(WHAT IS REQUIRED): Exactly as written and without the pictures, output the entries below.
RECORDS FOR THIS EXERCISE below:
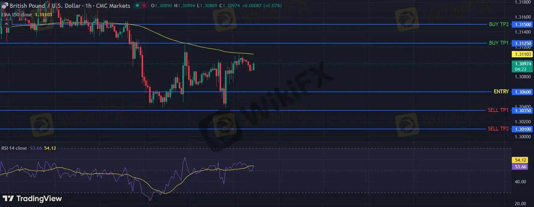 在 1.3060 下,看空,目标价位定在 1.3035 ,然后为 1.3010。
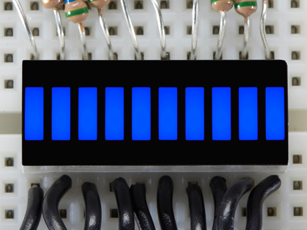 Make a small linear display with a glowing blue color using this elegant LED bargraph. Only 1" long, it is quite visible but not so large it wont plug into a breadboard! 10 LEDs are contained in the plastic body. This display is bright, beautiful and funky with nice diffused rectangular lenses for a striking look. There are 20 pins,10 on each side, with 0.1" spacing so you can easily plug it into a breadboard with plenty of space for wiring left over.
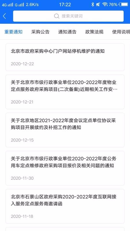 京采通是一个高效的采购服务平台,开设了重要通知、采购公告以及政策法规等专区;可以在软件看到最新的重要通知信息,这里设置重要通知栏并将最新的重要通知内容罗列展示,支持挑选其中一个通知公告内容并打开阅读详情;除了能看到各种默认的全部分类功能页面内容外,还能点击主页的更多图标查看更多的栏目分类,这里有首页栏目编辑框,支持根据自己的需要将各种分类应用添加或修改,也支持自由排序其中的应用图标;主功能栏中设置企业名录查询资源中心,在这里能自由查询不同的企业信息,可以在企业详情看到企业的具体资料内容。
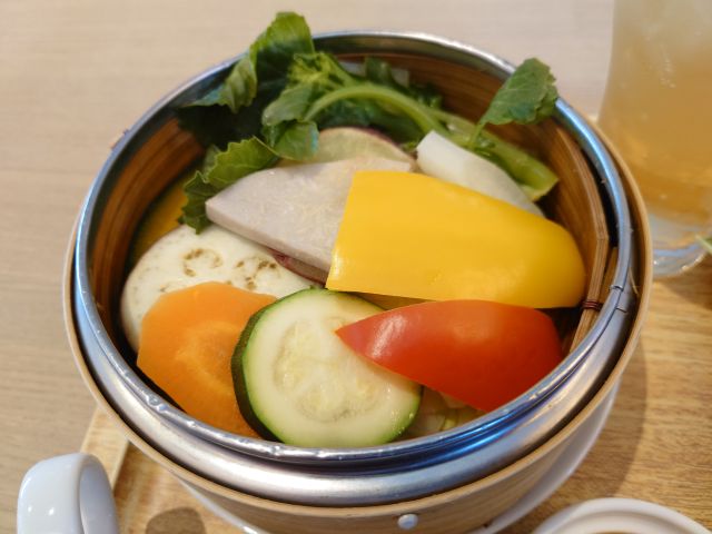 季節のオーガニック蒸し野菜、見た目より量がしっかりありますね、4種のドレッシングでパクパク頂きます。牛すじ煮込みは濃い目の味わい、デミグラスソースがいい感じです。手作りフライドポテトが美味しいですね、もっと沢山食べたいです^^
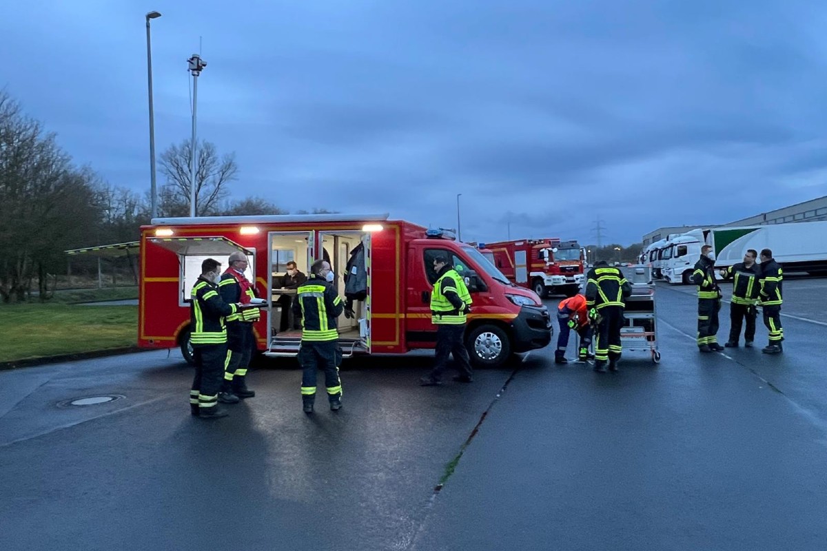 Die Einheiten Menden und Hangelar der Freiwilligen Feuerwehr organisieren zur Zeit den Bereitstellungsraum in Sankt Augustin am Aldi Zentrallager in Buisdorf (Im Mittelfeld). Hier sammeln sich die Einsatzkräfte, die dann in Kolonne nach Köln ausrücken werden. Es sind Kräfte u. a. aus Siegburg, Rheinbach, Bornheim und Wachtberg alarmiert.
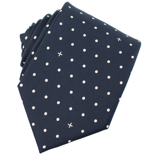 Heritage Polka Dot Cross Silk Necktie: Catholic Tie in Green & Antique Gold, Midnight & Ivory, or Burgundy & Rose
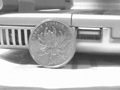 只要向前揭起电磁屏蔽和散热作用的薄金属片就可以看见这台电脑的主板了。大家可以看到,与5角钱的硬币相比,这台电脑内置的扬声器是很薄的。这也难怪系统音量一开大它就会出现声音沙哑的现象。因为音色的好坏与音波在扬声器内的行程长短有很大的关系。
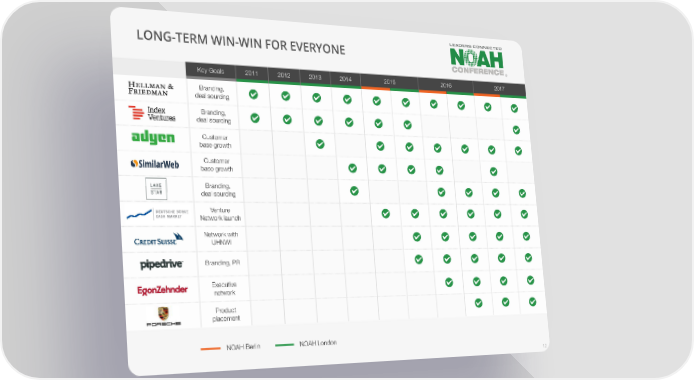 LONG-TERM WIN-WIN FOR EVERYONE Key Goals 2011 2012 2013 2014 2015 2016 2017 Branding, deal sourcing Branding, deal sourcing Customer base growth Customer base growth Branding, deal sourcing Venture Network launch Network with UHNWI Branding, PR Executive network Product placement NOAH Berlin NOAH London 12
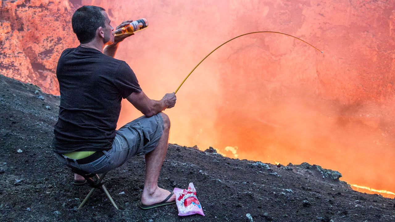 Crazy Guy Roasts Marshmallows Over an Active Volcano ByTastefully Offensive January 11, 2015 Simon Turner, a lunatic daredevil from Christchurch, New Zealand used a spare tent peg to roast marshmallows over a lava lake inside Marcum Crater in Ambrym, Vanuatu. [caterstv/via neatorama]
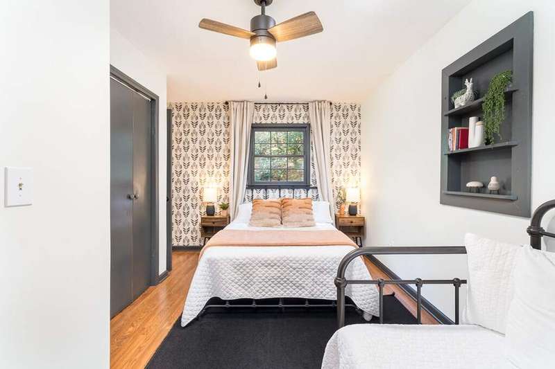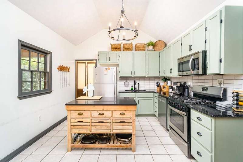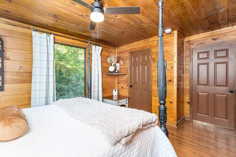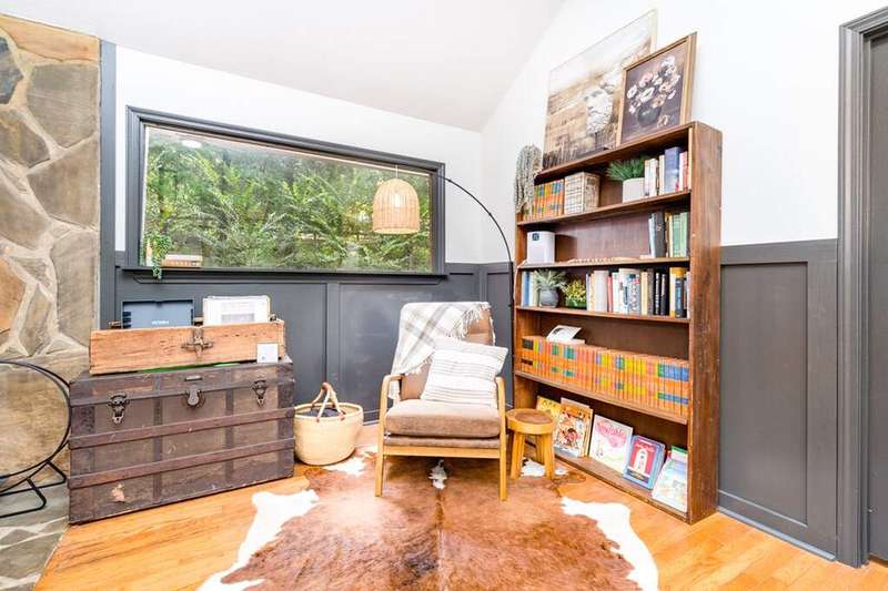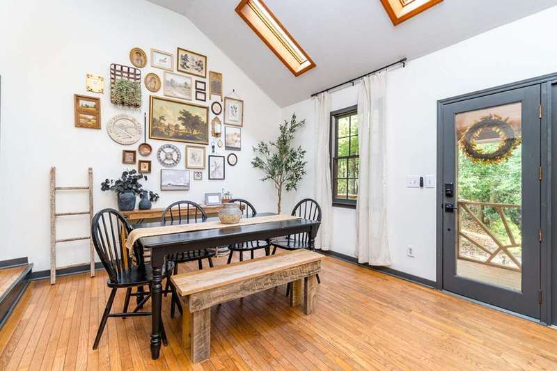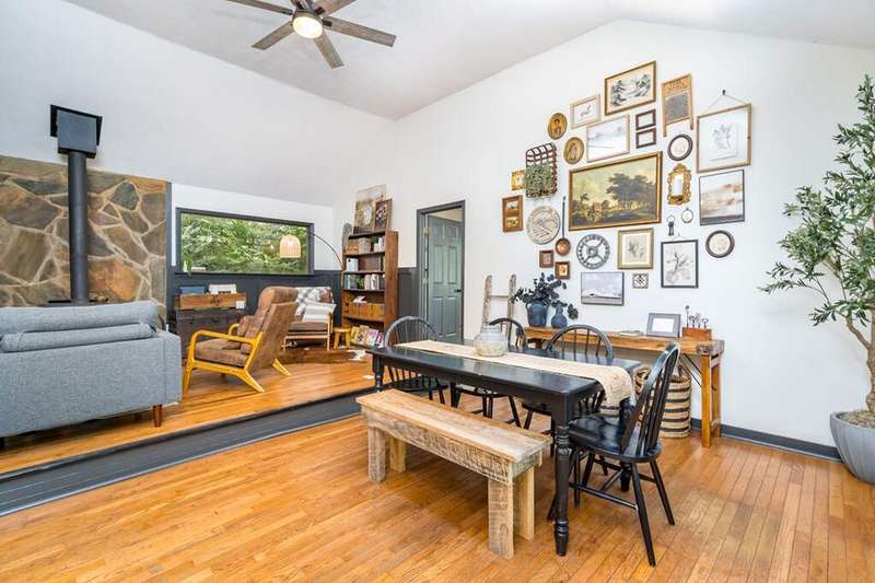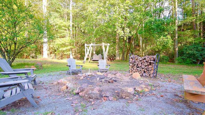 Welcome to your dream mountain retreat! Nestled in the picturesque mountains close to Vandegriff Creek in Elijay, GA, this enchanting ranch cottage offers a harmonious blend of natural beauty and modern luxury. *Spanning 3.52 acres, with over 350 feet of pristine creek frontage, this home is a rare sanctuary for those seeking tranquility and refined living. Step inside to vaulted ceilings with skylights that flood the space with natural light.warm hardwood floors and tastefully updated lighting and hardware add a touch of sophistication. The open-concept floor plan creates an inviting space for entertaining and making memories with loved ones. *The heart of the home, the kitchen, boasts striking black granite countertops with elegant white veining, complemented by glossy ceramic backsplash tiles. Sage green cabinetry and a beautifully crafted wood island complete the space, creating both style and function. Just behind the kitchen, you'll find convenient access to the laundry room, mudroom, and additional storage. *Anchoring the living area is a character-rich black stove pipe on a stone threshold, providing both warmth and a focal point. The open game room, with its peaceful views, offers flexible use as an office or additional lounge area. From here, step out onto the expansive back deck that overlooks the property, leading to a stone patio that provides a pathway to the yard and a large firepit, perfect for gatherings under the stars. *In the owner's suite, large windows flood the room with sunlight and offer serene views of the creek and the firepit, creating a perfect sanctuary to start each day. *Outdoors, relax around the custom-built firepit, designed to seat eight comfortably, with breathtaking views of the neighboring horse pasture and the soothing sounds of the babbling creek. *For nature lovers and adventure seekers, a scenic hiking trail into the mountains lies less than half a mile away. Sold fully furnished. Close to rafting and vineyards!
End of RECORDS FOR THIS EXERCISE.
(YOUR SOLUTION):
 在 1.3060 下,看空,目标价位定在 1.3035 ,然后为 1.3010。
 Make a small linear display with a glowing blue color using this elegant LED bargraph. Only 1" long, it is quite visible but not so large it wont plug into a breadboard! 10 LEDs are contained in the plastic body. This display is bright, beautiful and funky with nice diffused rectangular lenses for a striking look. There are 20 pins,10 on each side, with 0.1" spacing so you can easily plug it into a breadboard with plenty of space for wiring left over.
 京采通是一个高效的采购服务平台,开设了重要通知、采购公告以及政策法规等专区;可以在软件看到最新的重要通知信息,这里设置重要通知栏并将最新的重要通知内容罗列展示,支持挑选其中一个通知公告内容并打开阅读详情;除了能看到各种默认的全部分类功能页面内容外,还能点击主页的更多图标查看更多的栏目分类,这里有首页栏目编辑框,支持根据自己的需要将各种分类应用添加或修改,也支持自由排序其中的应用图标;主功能栏中设置企业名录查询资源中心,在这里能自由查询不同的企业信息,可以在企业详情看到企业的具体资料内容。
 季節のオーガニック蒸し野菜、見た目より量がしっかりありますね、4種のドレッシングでパクパク頂きます。牛すじ煮込みは濃い目の味わい、デミグラスソースがいい感じです。手作りフライドポテトが美味しいですね、もっと沢山食べたいです^^
 Die Einheiten Menden und Hangelar der Freiwilligen Feuerwehr organisieren zur Zeit den Bereitstellungsraum in Sankt Augustin am Aldi Zentrallager in Buisdorf (Im Mittelfeld). Hier sammeln sich die Einsatzkräfte, die dann in Kolonne nach Köln ausrücken werden. Es sind Kräfte u. a. aus Siegburg, Rheinbach, Bornheim und Wachtberg alarmiert.
 Heritage Polka Dot Cross Silk Necktie: Catholic Tie in Green & Antique Gold, Midnight & Ivory, or Burgundy & Rose
 只要向前揭起电磁屏蔽和散热作用的薄金属片就可以看见这台电脑的主板了。大家可以看到,与5角钱的硬币相比,这台电脑内置的扬声器是很薄的。这也难怪系统音量一开大它就会出现声音沙哑的现象。因为音色的好坏与音波在扬声器内的行程长短有很大的关系。
 LONG-TERM WIN-WIN FOR EVERYONE Key Goals 2011 2012 2013 2014 2015 2016 2017 Branding, deal sourcing Branding, deal sourcing Customer base growth Customer base growth Branding, deal sourcing Venture Network launch Network with UHNWI Branding, PR Executive network Product placement NOAH Berlin NOAH London 12
 Crazy Guy Roasts Marshmallows Over an Active Volcano ByTastefully Offensive January 11, 2015 Simon Turner, a lunatic daredevil from Christchurch, New Zealand used a spare tent peg to roast marshmallows over a lava lake inside Marcum Crater in Ambrym, Vanuatu. [caterstv/via neatorama]
 Welcome to your dream mountain retreat! Nestled in the picturesque mountains close to Vandegriff Creek in Elijay, GA, this enchanting ranch cottage offers a harmonious blend of natural beauty and modern luxury. *Spanning 3.52 acres, with over 350 feet of pristine creek frontage, this home is a rare sanctuary for those seeking tranquility and refined living. Step inside to vaulted ceilings with skylights that flood the space with natural light.warm hardwood floors and tastefully updated lighting and hardware add a touch of sophistication. The open-concept floor plan creates an inviting space for entertaining and making memories with loved ones. *The heart of the home, the kitchen, boasts striking black granite countertops with elegant white veining, complemented by glossy ceramic backsplash tiles. Sage green cabinetry and a beautifully crafted wood island complete the space, creating both style and function. Just behind the kitchen, you'll find convenient access to the laundry room, mudroom, and additional storage. *Anchoring the living area is a character-rich black stove pipe on a stone threshold, providing both warmth and a focal point. The open game room, with its peaceful views, offers flexible use as an office or additional lounge area. From here, step out onto the expansive back deck that overlooks the property, leading to a stone patio that provides a pathway to the yard and a large firepit, perfect for gatherings under the stars. *In the owner's suite, large windows flood the room with sunlight and offer serene views of the creek and the firepit, creating a perfect sanctuary to start each day. *Outdoors, relax around the custom-built firepit, designed to seat eight comfortably, with breathtaking views of the neighboring horse pasture and the soothing sounds of the babbling creek. *For nature lovers and adventure seekers, a scenic hiking trail into the mountains lies less than half a mile away. Sold fully furnished. Close to rafting and vineyards!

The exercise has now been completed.